INFORMATION SHOWN =
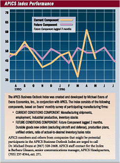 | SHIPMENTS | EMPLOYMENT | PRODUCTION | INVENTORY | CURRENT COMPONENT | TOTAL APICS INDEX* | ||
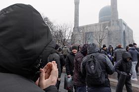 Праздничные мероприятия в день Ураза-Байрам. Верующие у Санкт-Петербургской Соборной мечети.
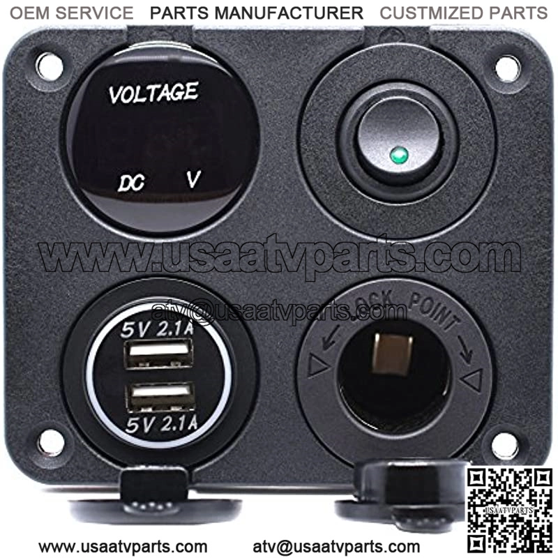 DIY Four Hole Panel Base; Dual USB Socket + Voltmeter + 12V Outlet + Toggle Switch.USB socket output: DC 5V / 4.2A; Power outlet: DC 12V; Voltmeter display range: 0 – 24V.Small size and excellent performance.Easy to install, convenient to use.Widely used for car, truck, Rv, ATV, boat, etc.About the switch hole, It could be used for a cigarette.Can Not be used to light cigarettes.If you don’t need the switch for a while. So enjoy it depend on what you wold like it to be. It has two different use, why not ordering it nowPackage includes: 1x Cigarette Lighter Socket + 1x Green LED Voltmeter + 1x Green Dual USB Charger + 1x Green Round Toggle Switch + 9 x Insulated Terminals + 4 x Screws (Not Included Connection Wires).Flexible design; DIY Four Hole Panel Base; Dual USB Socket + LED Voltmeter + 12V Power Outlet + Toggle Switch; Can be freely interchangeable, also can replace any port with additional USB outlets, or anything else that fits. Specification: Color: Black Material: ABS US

WHAT YOU HAVE TO DO =
Transcribe the material exactly, keeping every word and none of the pictures.

FINISHED TASK =
 | SHIPMENTS | EMPLOYMENT | PRODUCTION | INVENTORY | CURRENT COMPONENT | TOTAL APICS INDEX* | ||
 Праздничные мероприятия в день Ураза-Байрам. Верующие у Санкт-Петербургской Соборной мечети.
 DIY Four Hole Panel Base; Dual USB Socket + Voltmeter + 12V Outlet + Toggle Switch.USB socket output: DC 5V / 4.2A; Power outlet: DC 12V; Voltmeter display range: 0 – 24V.Small size and excellent performance.Easy to install, convenient to use.Widely used for car, truck, Rv, ATV, boat, etc.About the switch hole, It could be used for a cigarette.Can Not be used to light cigarettes.If you don’t need the switch for a while. So enjoy it depend on what you wold like it to be. It has two different use, why not ordering it nowPackage includes: 1x Cigarette Lighter Socket + 1x Green LED Voltmeter + 1x Green Dual USB Charger + 1x Green Round Toggle Switch + 9 x Insulated Terminals + 4 x Screws (Not Included Connection Wires).Flexible design; DIY Four Hole Panel Base; Dual USB Socket + LED Voltmeter + 12V Power Outlet + Toggle Switch; Can be freely interchangeable, also can replace any port with additional USB outlets, or anything else that fits. Specification: Color: Black Material: ABS US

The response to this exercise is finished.